Now.  The plague of "pirating" that so many companies are eager to claim as the cause of all their financial woes?  Not so evil, as I’ve discussed before.  

(Just the other day, on a news program, a songwriter blithely referred to the financial troubles he’s having "because CD sales are suffering due to pirating", and I had my hands halfway around his electronic throat screaming NO YOU IDIOT CD SALES ARE SUFFERING BECAUSE THE PRODUCT IS CRAPPY AND OVERPRICED before I realized that, um, I was accosting a television.  But seriously, don’t even get me started on the "ringle" — a CD single boasting 2 songs and a ringtone, for \$6-7.  WHY anyone would buy that, you may wonder, when you can get the 2 songs from iTunes for \$0.99 each, and make free ringtones from them using legal, already-available software?  Well, duh, nobody WILL buy it.  And then the RIAA will blame all the money they lose on "pirates".) 

But this week, Information Week reviewed[article] an interesting study[PDF] done recently by a huge association representing computer-industry heavies like Google, Microsoft and Yahoo, which sticks yet another fork in the "unauthorized use = pirating = evil" balloon.  Their results show that Fair Use "violations" of copyright are actually worth seventy percent more in revenue to the U.S. economy than "authorized" copyright itself is!!

Now, could that 70% number be a little inflated?  Possibly; while Google and Yahoo have some stake in keeping fair use loose and ready to rock, Microsoft and some of the other companies are usually firmly on the other side of the fence.  But assume that it is inflated, because hell, that’s a safe assumption with industry-funded studies anyway.  Still, the fact that Fair Use is worth more than copyright is pretty freaking telling, isn’t it? 
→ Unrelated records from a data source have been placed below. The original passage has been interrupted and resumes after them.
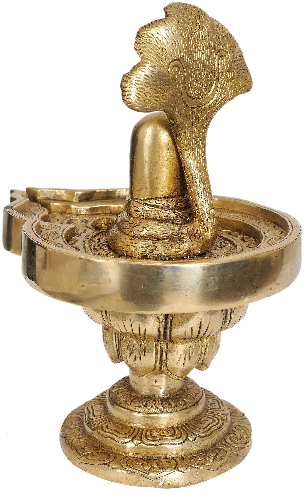 Meticulously crafted from high-quality brass, this statue possesses a timeless elegance and a warm, inviting glow. The polished brass catches the light, highlighting the fine details of the craftsmanship, from the delicate scales of the cobra to the subtle engravings on the Linga and its ornate platform. The craftsmanship speaks to the skill of the artisans, who have poured their devotion into creating this sacred object. This piece is not merely a decorative item; it is a conduit for spiritual connection, a focal point for meditation, and a beautiful representation of profound philosophical concepts. Whether placed in a place of worship, a meditation space, or as a statement piece in your home, this Shiva Linga with its crowned cobra is a powerful reminder of the divine presence and the eternal cycle of life.
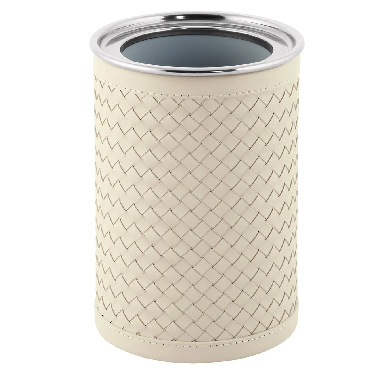 Designed to maintain the optimal temperature of wine or champagne, the Menfi bottle cooler features a stainless steel interior enhanced by a handwoven ivory leather exterior. Its subtle textured weave enhances light reflection, while its neutral tone complements various settings. With a height of 22 cm, this cooler can be personalized in any smooth leather color from the Riviere palette, and pairs elegantly with other handwoven serveware items for a cohesive entertaining presentation. Contact the Concierge for further information.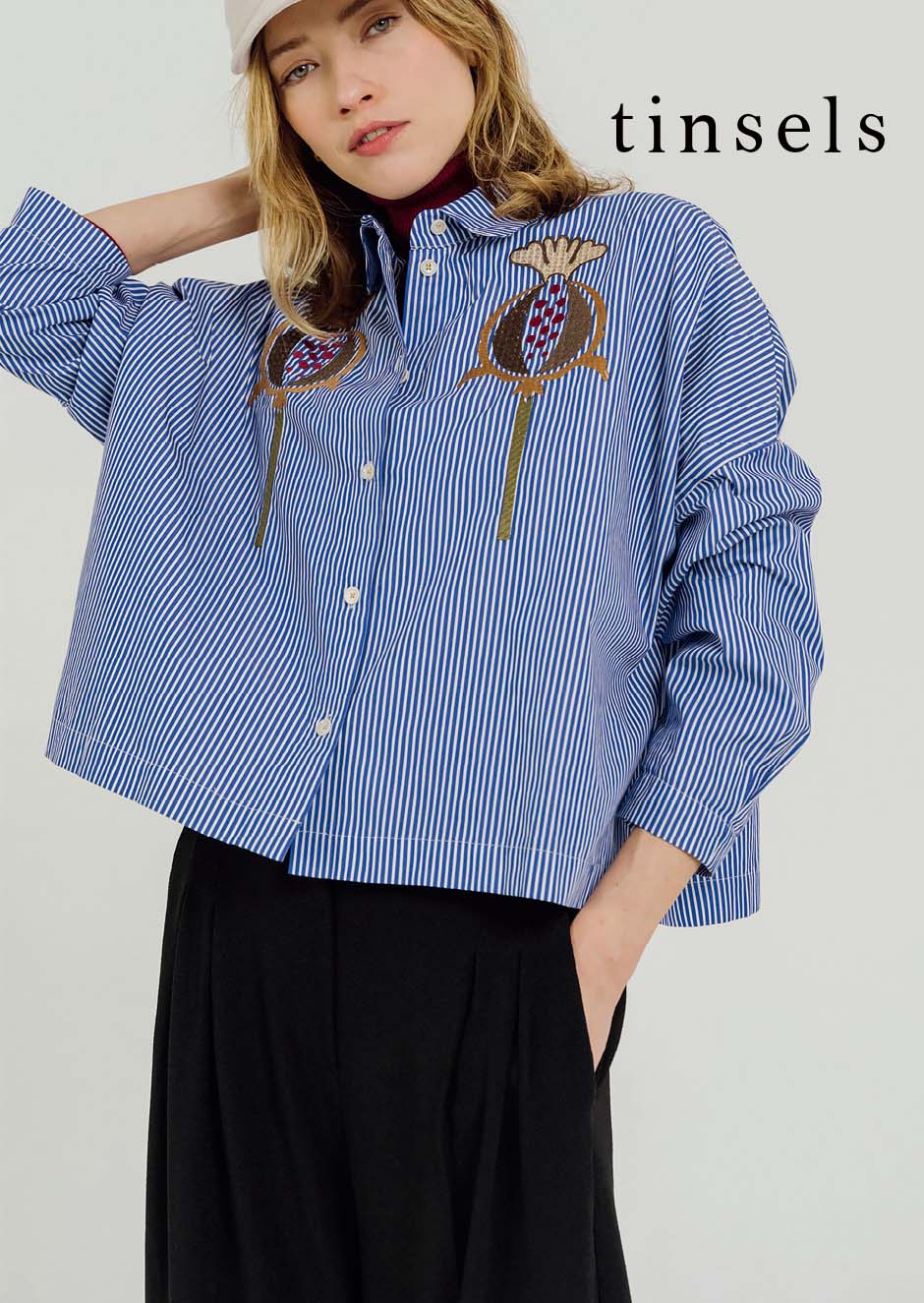 "「小さなきらめき(tinsel)」のように、さりげないけど力強い“本質”を大事に、「ティンセルス」と名づけました。私にとって服とは、ただのモノではなく、人生を共に歩む「パートナー」のような存在。どのアイテムも、季節を超えて長く着られる、永く愛される“定番”となることを目指してデザインしています。

And not only is it telling, it’s unsurprising, at least if you know your American history.  Things That Wouldn’t Exist Without Fair (or even unfair) Copyright Violations is a formidable and powerful list, including items like:

*  Disney

*  Hollywood

*  The Internet

*  FM Radio

And other serious economic and cultural players.  Considering that the Internet alone is worth billions to the economy, and for the first part of its life existed almost solely to spread unauthorized chunks of copyrighted content (and still does a hefty amount of it today, to the benefit of many, many people), who’s surprised, really, that the economic value of Fair Use is so large?
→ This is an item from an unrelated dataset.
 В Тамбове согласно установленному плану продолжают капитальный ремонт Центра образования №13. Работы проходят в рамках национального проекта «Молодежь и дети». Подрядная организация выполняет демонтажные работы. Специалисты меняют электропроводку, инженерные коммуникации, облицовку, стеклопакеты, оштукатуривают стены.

Look, it’s really simple.  Copyright is supposed to exist to protect and encourage innovation.  And without a robust and flexible implementation of Fair Use, it tends to do exactly the opposite.  Look at how strict movie and music and software fatcats want to be about what you can do with what you buy — you’re only "authorized" to watch this movie at home, on your DVD player; you’re only "authorized" to listen to this music so many times; you’re not "authorized" to re-sell or loan out this game.  They’re thinking like fatcats tend to, putting their PROPERTY OF stickers all over everything they can, but in reality, what are actions like those going to do to their market?

Well, why ask the question?  Just look at the music industry.  Sales are plummetting, artists and music retailers and consumers all hate them, and predictions of their demise have become unanimous in the last few years.

All of this is just another splash on the mural I like to call GOOD THINGS WORK, BAD THINGS DON’T.  Sharing and commenting and modifying and parodying are good things.